When a well-functioning system, such as an animal or an ecosystem, confronts a problem, it has the capacity to heal and return to its original state but also to adapt to changing circumstances. This means they have a capacity for self-organization, which means an ability to change one’s behavior and structure.
Successful systems have an ability to create hierarchies, subsystems and metasystems, which are assigned with specific tasks. A city’s organization is usually divided into specific departments, so that the whole organization isn’t held responsible if the streets aren’t cleaned on time. The human body assigns the task of circulation to a specific organ called the heart.
Systems have a tendency to repeat certain problem behaviors when their goals aren’t met or when their communication systems, reward systems or feedback loops fail.
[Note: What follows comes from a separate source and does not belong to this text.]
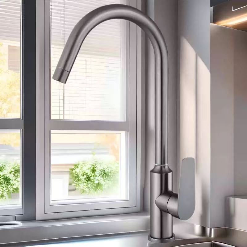 Feita em material de alta qualidade, o aço inoxidável, e na cor escovada, essa torneira possui um modelo comum de alça única e função de água fria única.

Meadows identifies numerous system traps, which all have their own prescribed cures. Policy resistance, tragedy of the commons, drift to low performance, escalation, competitive exclusion, addiction, rule beating and seeking the wrong goal are all names for problem behaviors regularly identified in various human systems.
When we examine systems carefully, we learn how the systems themselves create their own behavior. All of a sudden, a bad outcome doesn’t have an easily defined cause or a scapegoat any more. The blame lies “in the system.” The fact that systems behave in surprising ways is partly due to our tendency to think linearly, through stories. Linear thinking is unhelpful in trying to understand systems, which are non-linear in nature. If you try to accurately describe what happens in a car’s engine when you step on the gas, you’ll notice that you are forced to put events that happen simultaneously into a sequence of events. This is why systems thinking prefers to use maps and charts instead of words to express the underlying structure of the systems it studies.
In her book, Meadows goes into great detail in describing how systems can be changed and which changes yield the biggest results. In changing a system changing its parts doesn’t usually have a big effect. Even if you swapped every football player on the field, the game would still be football. This is also obvious in politics. We change our politicians regularly, but the game stays the same.
By changing the connections or feedback loops between the parts, we can change the behavior of the parts quite significantly. Changing the rules of football to those of basketball would yield a dramatic change.
One of the biggest changes we can make to a system is to change its purpose. Knowing the system’s purpose will guide us in how the connections should be drawn. This is why having a clear purpose is so important to any functioning system.
In our case, the purpose of the system we intend to build is to maximize human well-being for everybody in perpetuity within the carrying capacity of Earth. Since we have articulated a new purpose, but most of the parts that make up the system remain exactly the same, the main thing we can change to achieve our desired outcome is the connections between the pre-existing parts.
This can be done by changing our laws and financial incentives and the way we communicate and cooperate. But we also need to build whole new institutions, new parts that replace the institutions that have become obsolete. In the next chapter we’ll immerse ourselves into a discipline called mechanism design, which is solely dedicated to solving three-sided equations. By knowing the starting point (parts) and the end point (purpose), mechanism design strives to create such a mechanism (connections) that produces the predetermined outcome and solves the three-sided equation.